Acordos ligados ao Banco Mundial puxam empréstimos pagos por Minas em abril

Contratos fechados em gestões tucanas com o Bird lideraram empréstimos pagos pelo governo mineiro neste mês
Na foto, a Cidade Administrativa, sede do governo de Minas Gerais
Em quatro meses de adesão ao Propag, o governo de Minas quitou R$ 1,272 bilhão em dívidas decorrentes de empréstimos. Crédito: Gil Leonardi/Imprensa MG

Contratos firmados junto ao Banco Internacional para Reconstrução e Desenvolvimento (Bird), principal instituição do guarda-chuva do Banco Mundial, foram os que mais geraram desembolsos para o governo de Minas Gerais na esteira dos pagamentos feitos em abril para quitar parcelas de empréstimos junto a entes financeiros.

Dos R$ 254,2 milhões destinados a honrar tais compromissos neste mês, R$ 240,6 milhões possuem relação com o Bird. Os contratos com a instituição internacional foram fechados durante os governos tucanos, do hoje deputado federal Aécio Neves (PSDB), e de Antonio Anastasia, que atualmente é ministro do Tribunal de Contas da União (TCU).

As parcelas dos empréstimos com bancos de fomento e instituições de crédito voltaram a ser pagas em janeiro, na esteira da adesão do governo mineiro ao Programa de Pleno Pagamento das Dívidas dos Estados (Propag). Uma das condições para o ingresso no plano, que viabiliza a renegociação da dívida estadual com a União, é a retomada de prestações de débitos que têm o governo federal como avalista.

Nos quatro meses de participação no Propag, Minas já pagou R$ 1,272 bilhão em dívidas oriundas de empréstimos. De acordo com os relatórios fiscais, os R$ 240,6 milhões destinados ao passivo com o Bird em neste mês estão divididos em dois contratos.

Desse montante, R$ 158,3 milhões foram destinados a um acordo assinado em 2008, na gestão de Aécio, para financiar políticas públicas voltadas à educação de qualidade, protagonismo juvenil, vida saudável e investimento e valor agregado da produção. O convênio foi firmado com base em programas previstos no Plano Mineiro de Desenvolvimento Integrado (PMDI).

O restante – R$ 82,4 milhões – trata de verba repassada pelo Bird para ajudar o estado a reestruturar uma dívida contraída junto à Companhia Energética de Minas Gerais (Cemig). O trato entre o banco e o Palácio Tiradentes para apoiar o reperfilamento do saldo devedor junto à estatal foi fechado em 2012, no governo Anastasia.

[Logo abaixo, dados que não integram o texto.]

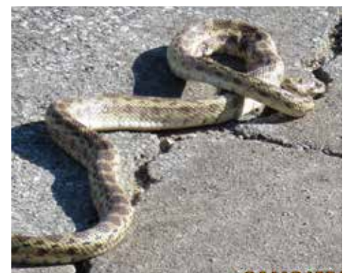
Fig. 8: Gopher snake
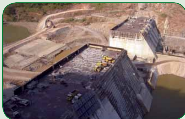
The current stage of the construction of the Bui Hydropower Project.
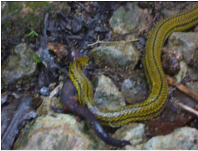
Figura 2. Rhadinaea calligaster depredando una salamandra púrpura, posiblemente Bolitoglossa pesrubra . Imágen tomada de video.

cm total size) coiling around and biting a purple salamander (ca 10 cm total size) along a forested trail at km 9 (Barbas de Viejo) on the Cerro Chirripó way at Chirripó National Park, Limón Province, Costa Rica (elev. 2900 m). The salamander belongs to the genus Bolitoglossa , and was probably B. pesrubra according to its distribution and purple coloration (Eduardo Boza, com.pers.). The observation was videorecorded and can be watched at ( https://www.youtube.com/watch?v=-MQeRqLaiNM&feature=youtu.be ). The snake was stretched and held the salamander at the back of the head. The salamander tried to move at the beginning of the observation, but after a couple of minutes stopped moving (Fig. 2). After 10 minutes, the snake began to eat it through the top of the head, but FSV did not witness the complete swallowing process, but based on the immobility of the salamander we assume the snake completed the task.

Foi por causa da reestruturação da dívida com a Cemig que, ainda em 2012, o estado firmou acordo de empréstimo com o Credit Suisse. Em fevereiro deste ano, o Executivo estadual encaminhou R$ 709,2 milhões ao também suíço UBS BB, que no ano passado incorporou o Credit Suisse.

Minas tem, ao todo, três contratos vigentes com o Bird. O terceiro pacto, que não recebeu aporte neste mês, também diz respeito a políticas previstas no PMDI, mas foi consignado em 2010. No mês passado, esse acordo recebeu amortização de R$ 89,6 milhões.

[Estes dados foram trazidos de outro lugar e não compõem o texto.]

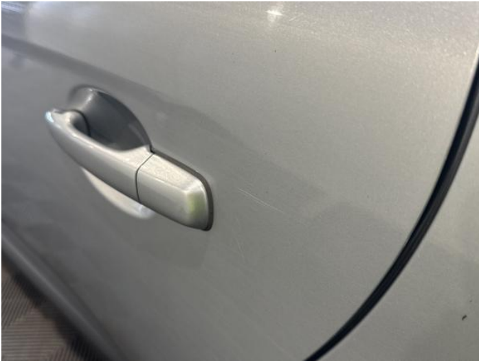
9: Door nsr Scratched Over 25mm Thru Paint
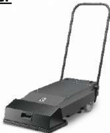
BR 45/10 Esc
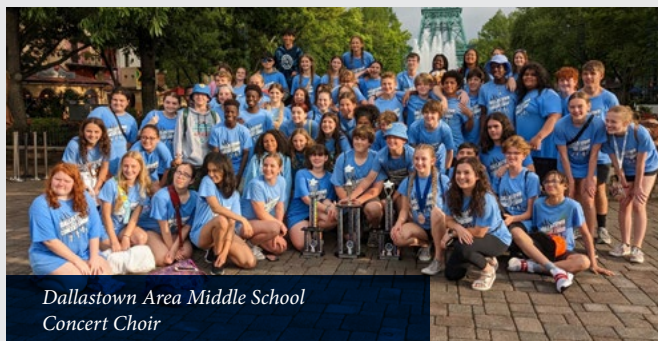
Dallastown Area Middle School Concert Choir

R$ 408 milhões destinados à dívida com a União

O governo mineiro tem enviado mensalmente ao Supremo Tribunal Federal (STF) relatórios sobre as prestações da dívida com a União pagas sob os moldes do Propag. Na parcela de abril, o estado enviou R$ 102,9 milhões ao Tesouro Nacional. Desde janeiro, foram desembolsados R$ 408,3 milhões.